The paucity of familial cases of Cornelia de Lange syndrome studied prevents from understanding the exact genetic mechanism of the syndrome. Some authors have suggested autosomal-dominant familial inheritance, but most cases (> 99%) are sporadic in families, with variable expressivity. Feingold et al (1993) described a case of familial Cornelia de Lange syndrome, a mother and daughter. Kozma (1996) described one case with a mother with a mild phenotype and her son, who was severely affected. Some publications report an autosomal-dominant trait with male-to-male, female-to-female, and female-to-male transmission. According to Die-Smulders et al, a de novo autosomal-dominant mutation causes the most severe form of Cornelia de Lange syndrome. Nonetheless, Naguib et al described one case of Cornelia de Lange syndrome siblings from consanguineous parents, so suggesting autosomal-recessive transmission.  
Therefore, although most cases of Cornelia de Lange syndrome are sporadic, a careful evaluation of parents of affected children is important for appropriate genetic counseling.
 
Sonographic findings

As the accurate diagnosis of Cornelia de Lange syndrome continues to be based solely on the characteristic phenotype, its accurate and early recognition is essential if prognosis, management, and genetic counseling are to be effective. Misdiagnosis of major forms of Cornelia de Lange syndrome is not uncommon.  Indeed, in classic cases of Cornelia de Lange syndrome, there is rarely any difficulty in making the diagnosis, but for mildly affected cases, it is very difficult to arrive at diagnosis, in particular during the prenatal period.
 
Limb anomalies are often asymmetric. Long-bone abnormalities include ulnar hypoplasia or dysplasia of the radial head, sometimes seen with fusion of the elbow.  In Jackson"s study of 310 cases, only 27% had the upper-extremity abnormalities commonly associated with Cornelia de Lange syndrome. Upper extremity anomalies are a classic Cornelia de Lange syndrome sign, most commonly:

  • irreducible flexion of the elbows;
  • aplasia or sometimes agenesis of the cubital bones;
  • oligodactyly; and
  • clinodactyly.

When there is hemimelia of the forarm, fusion at the elbow and oligodactyly are often present, so it is often difficult to determine which bone, the radius or the ulna, is absent. Limitation of elbow extension with radiologic features is an objective observation and is less commonly found in normal children or those with other syndromes.

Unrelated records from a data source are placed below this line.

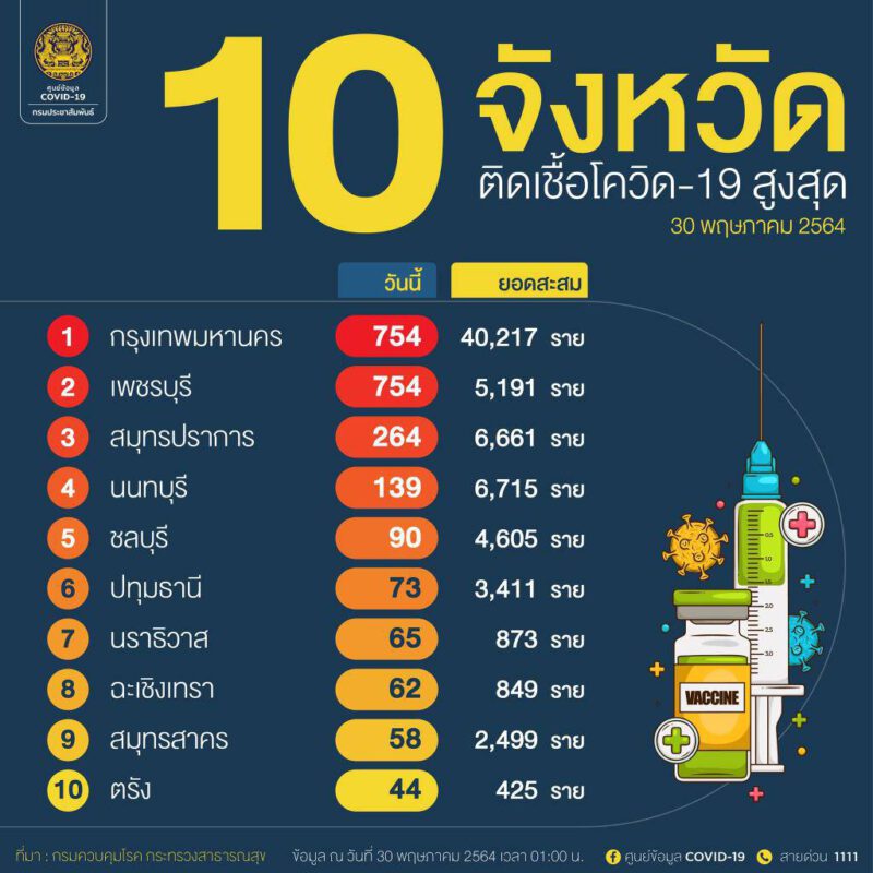 10 จังหวัด ติดเชื้อโควิด-19 ในประเทศ วันที่ 30 พ.ค. 2564 คือ 1. กรุงเทพมหานคร 754 ราย 2. เพชรบุรี 754 ราย ราย 3. สมุทรปราการ 264 ราย 4. นนทบุรี 139 ราย 5. ชลบุรี 90 ราย 6. ปทุมธานี 73 ราย 7. นราธิวาส 65 ราย 8. ฉะเชิงเทรา 62 ราย 9. สมุทรสาคร 58 ราย 10. ตรัง 44 ราย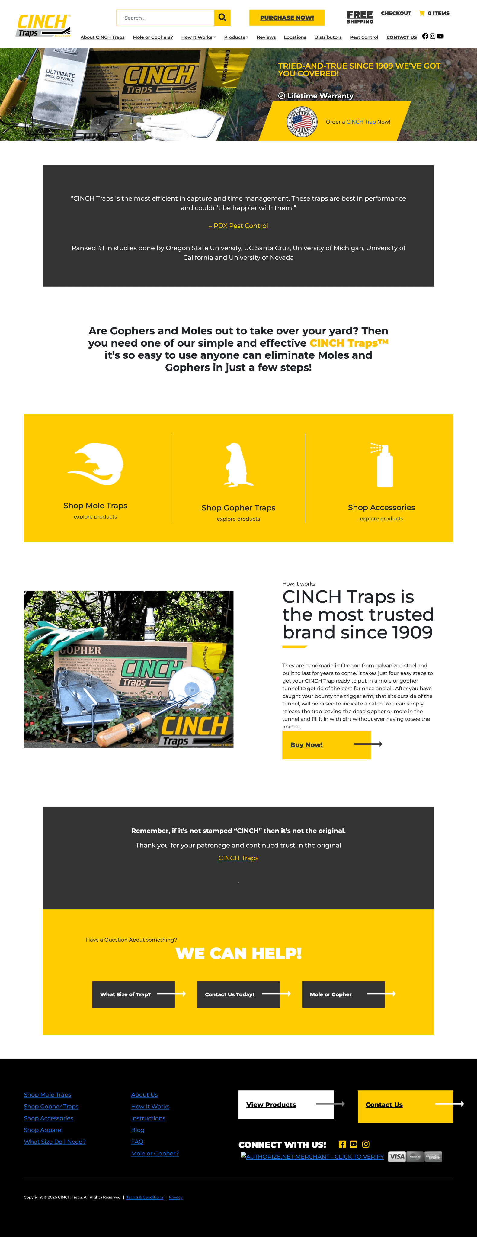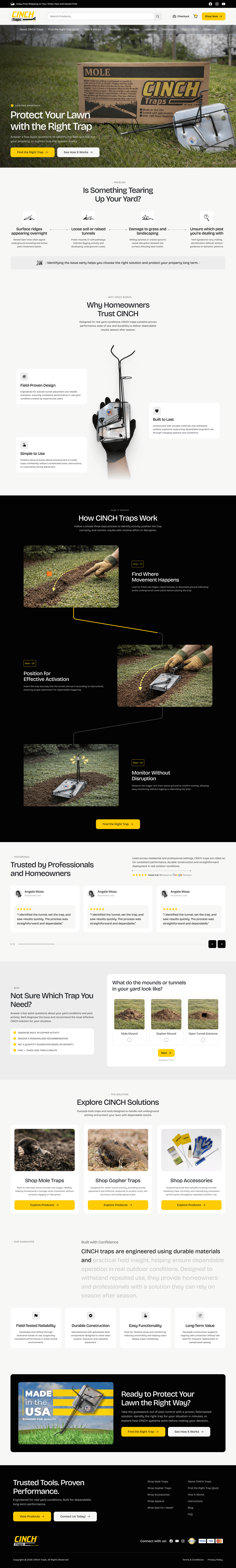 Cinch Traps is a 100+ year–old manufacturer of mole and gopher traps. Their previous website felt cluttered and dated, with heavy blocks of text, confusing navigation, and no clear path for a first‑time homeowner to understand what the product does or which trap to buy. Important trust signals - university rankings, pest‑control reviews, “Made in USA,” and a lifetime warranty - were present but buried.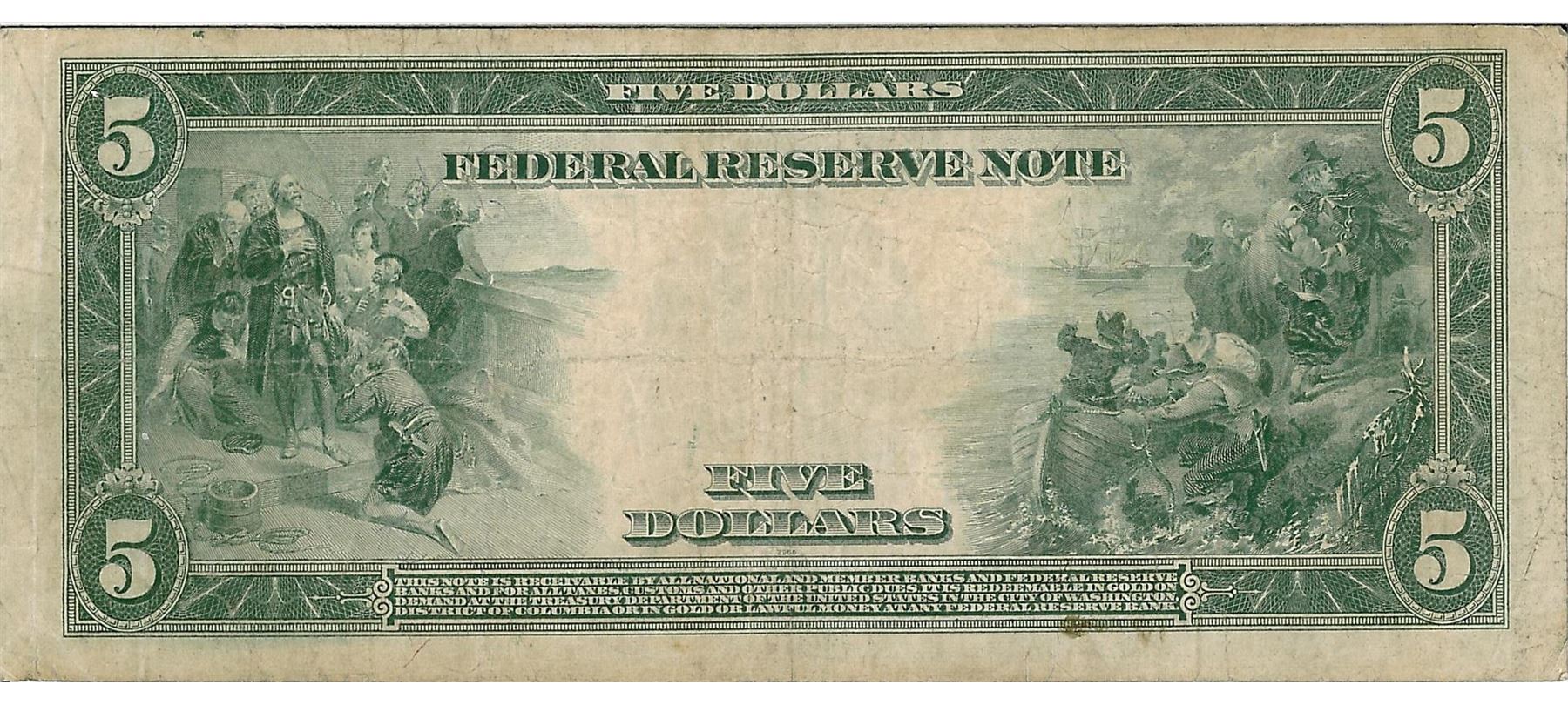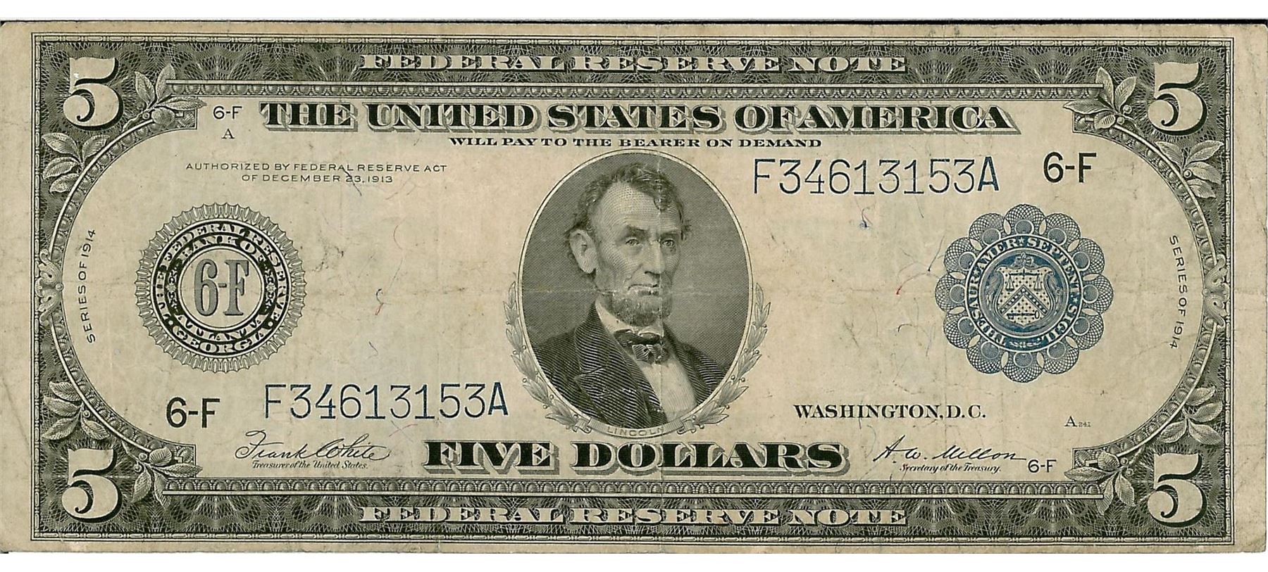 One 1914 $5 Federal Reserve Bank Note. The serial number is 34613153.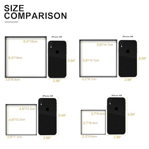 【4 Assorted Sizes of Gift Boxes】You will receive 4 different sized black nesting gift boxes with lids at once. You can put gifts of various sizes into different boxes. The internal dimensions of the 4 boxes are: 6.4″x6.4″x3.5″, 5.8″x5.8″3.2″, 4.8″x4.8″x2.8″, 3.7″x3.7″x2.3″.

The limb abnormalities usually associated with Cornelia de Lange syndrome are only present in 27% of affected children.
 
Limb abnormalities, though striking when present, are seen in cases where other clinical manifestations are similarly severe, so do not significantly contribute to the diagnostic process.
 
Cornelia de Lange syndrome manifestations in the hands are some or several of the following: acheiria; oligodactyly; hypoplasia of the thumb and first metacarpal; clinodactyly of the fifth finger; and ectrodactyly. The hands, if there are normal, and the feet are always strikingly small.
 
Other radiologic manifestations include thirteen ribs with precocious sternal fusion.
 
IUGR is nearly always associated with Cornelia de Lange syndrome syndrome; it is a classic sign. Jackson's study of 377 cases demonstrated a higher proportion of patients affected mildly; IUGR was seen frequently among them.
 
Facial anomalies: Prefrontal edema, prominent eyelashes, nasal hypoplasia with prominent philtrum, and low-set ears are classic. The low-set ears are usually not striking during sonography; and the presentation of widely spaced teeth and a short neck are variable and subject to interpretation. Microcephaly, brachycephaly, and micrognathia are frequently seen.  However, hypertrichosis, synophrys, hirsutism, and long eyelashes can be seen in utero.
 
Cardiac abnormalities are frequently present. Virtually all cardiac anomalies can be found among Cornelia de Lange syndrome cases. Ventriculoseptal or atrioseptal defects, hypoplastic left ventricle, anomalous venous return, and coarctation of the aorta are the most frequently seen cardiac anomalies.
 
Renal anomalies: Polycystic kidneys or pyelectasia are possible.
 
Genital anomalies: Cryptorchidism, micropenis, hypospadias, or abnormally small labia majora can be seen.
 
Other anomalies have been reported, such as, occasionally, bilateral diaphragmatic hernia. The association of diaphragmatic hernia with upper-extremity malformations is characteristic of Cornelia de Lange syndrome.
 
Implications for targeted ultrasound examination

During the first trimester, nuchal translucency is usually abnormal; however, this parameter was normal in our case.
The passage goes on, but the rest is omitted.